Qui achète et possède la dette publique de la France ? Cette question, apparemment simple, est plus complexe qu'il n'y paraît. Et éminemment stratégique, alors que notre pays atteint un record d'endettement, à hauteur de 85 % de son produit intérieur brut (PIB), soit 1 646,1 milliards d'euros, en progression de 110 milliards d'euros depuis un an.
Comment est composée la dette publique ?
La dette publique est en fait triple : celle de l'Etat proprement dit, mais aussi celle des collectivités locales et celle des administrations publiques.
Sur les 1 646,1 milliards dus par la France, 1 286 le sont par l'Etat lui-même, selon l'Insee, soit l'essentiel. Les administrations locales (régions, départements, communes), sont endettées à hauteur de 156 milliards d'euros ; les administrations de sécurité sociale (assurance maladie, caisse nationale d'assurance vieillesse) pour 191 milliards d'euros. Enfin, les organismes divers d'administration centrale (établissements et agences dépendant de l'Etat) doivent 11,6 milliards d'euros.
Le déficit cumulé, conséquence de plus de trente années de budgets déficitaires, a été empruntée à divers acteurs financiers : Etats, entreprises, grandes banques... Ceux-ci achètent des produits, émis par la France et remboursables à plus ou moins long terme. La fameuse note "AAA" du pays permet de réaliser des emprunts à des taux réduits.

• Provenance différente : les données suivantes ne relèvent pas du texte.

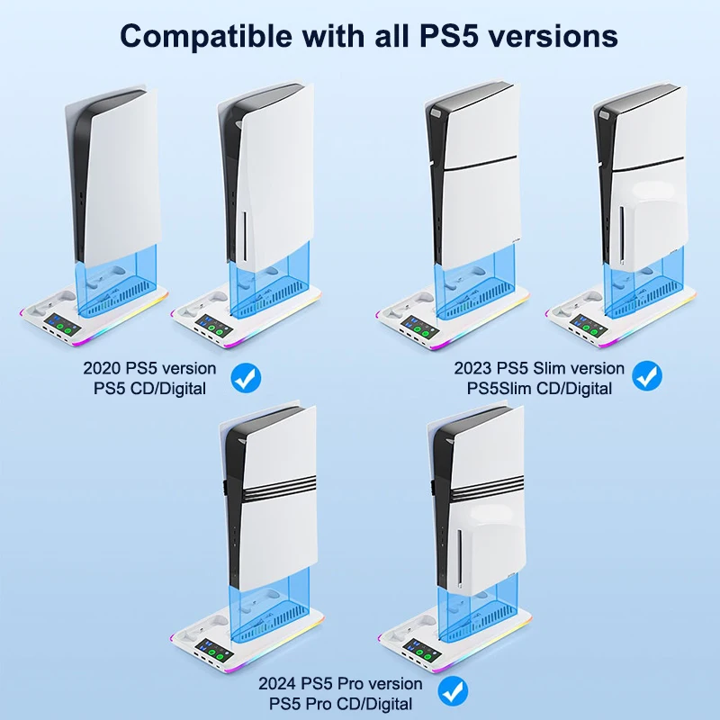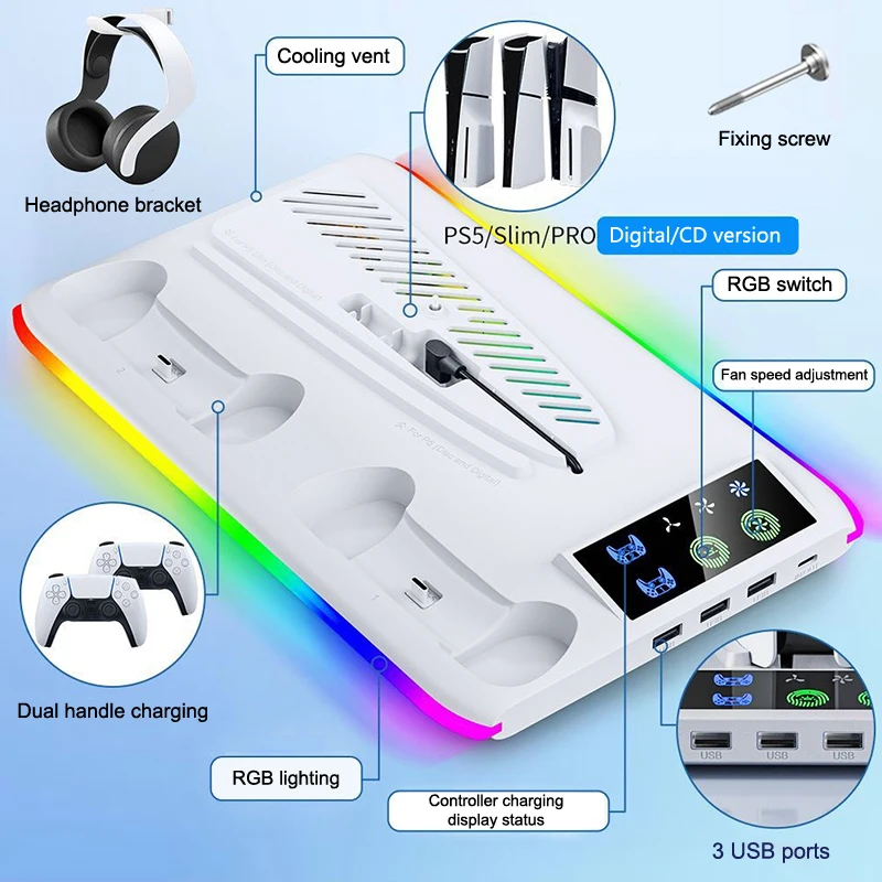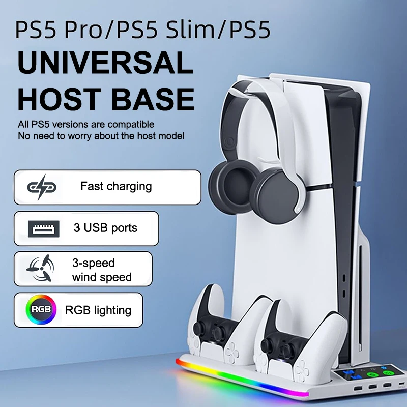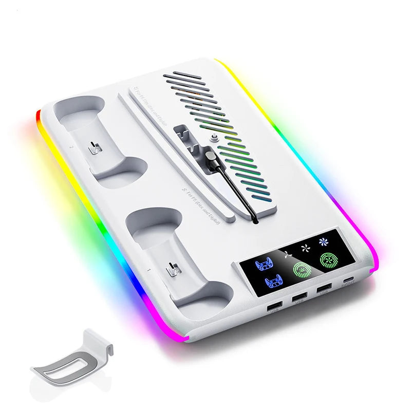 For PS5 Slim/PS5 Stand Cooling Holder & Controller Charging Station With Headphone Hook RGB Light 3 Levels Cooling Fan For PS5

De 1 % à 4 % en fonction de la durée de l'emprunt contracté, selon le dernier bulletin mensuel (en PDF) de l'Agence France Trésor (AFT), chargée d'émettre ces produits et de réaliser les emprunts pour l'Etat.
Qui achète des titres de dette publique en France ?
Les produits émis par l'Etat sont au nombre de trois, qu'on peut classer en deux catégories. D'abord les titres de long terme. Ce sont les obligations assimilables au trésor (OAT), les plus importants en volume, remboursables en sept à cinquante ans, qui peuvent être à taux fixe ou variable. Ensuite, ceux à court terme, de deux genres : les bons du Trésor à intérêt annuel (BTAN), d'une durée de deux ou cinq ans ; et les bons du Trésor à taux fixe et à intérêts précomptés (BTF), émis pour des périodes très courtes (de l'ordre de quatre à sept semaines).
La France emprunte environ un tiers de sa dette à ses propres banques et sociétés de crédit. Avec une particularité : le pays est plus endetté auprès des compagnies d'assurance (20 %), qui "achètent" des titres de dette française pour les placements d'assurance vie, qu'auprès de ses banques. Contrairement à la situation du reste de l'Europe, les établissements bancaires français possèdent moins de 14 % de la dette nationale.
Quelle part de dette est détenue par des étrangers ?
La dette française est détenue à plus de 65 % par des "non-résidents" français. Un chiffre en baisse : jusque fin 2010, il se situait plutôt autour de 70 %. Mais un chiffre qui n'a eu de cesse de grimper ces dernières années : en 1993, seuls 32 % de la dette française était détenus par des non-résidents.
La situation française en Europe est particulière : selon une étude publiée en avril par la fondation pour l'innovation politique (Fondapol), notre pays est en troisième position de l'Union européenne, derrière le Portugal (75 % de la dette détenue par des non-résidents) et la Grèce (71 %). En moyenne, 53 % de la dette des pays européens est détenue par des non-résidents. C'est une différence majeure avec un Etat comme le Japon, dont l'énorme endettement (plus de 200 % de son PIB) est essentiellement possédé par ses épargnants. Les Etats-Unis, quant à eux, ont un tiers de leur dette aux mains de non-résidents.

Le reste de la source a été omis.